◆ Exercise directions ◆
What is needed is the full listing written out exactly, minus the pictures.
START Collected material
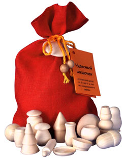 Очень полезная и увлекательная игра на развитие мелкой моторики и воображения. Каждый игрок по очереди достает из мешочка одну фигурку и затем, не заглядывая в мешочек, на ощупь находит ему парную. В мешочке 30 деревянных фигурок, т.е. 15 пар.![]()
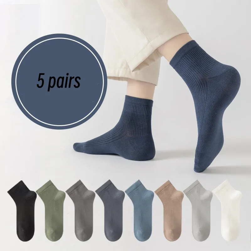 Носки мужские тонкие дышащие однотонные, хлопковые короткие деловые, 5 пар, летние
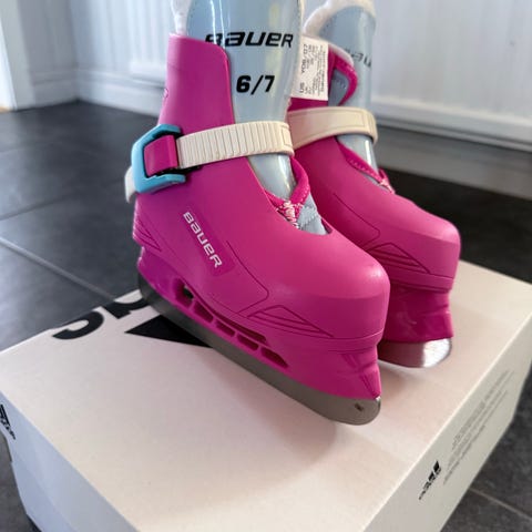 Bauer 10/11 skridskor för barn i storlek 28-29. Skridskorna har justerbara spännen för bra passform och stöd.
END Collected material
◆ Solution to this task ◆
 Очень полезная и увлекательная игра на развитие мелкой моторики и воображения. Каждый игрок по очереди достает из мешочка одну фигурку и затем, не заглядывая в мешочек, на ощупь находит ему парную. В мешочке 30 деревянных фигурок, т.е. 15 пар.![]()
 Носки мужские тонкие дышащие однотонные, хлопковые короткие деловые, 5 пар, летние
 Bauer 10/11 skridskor för barn i storlek 28-29. Skridskorna har justerbara spännen för bra passform och stöd.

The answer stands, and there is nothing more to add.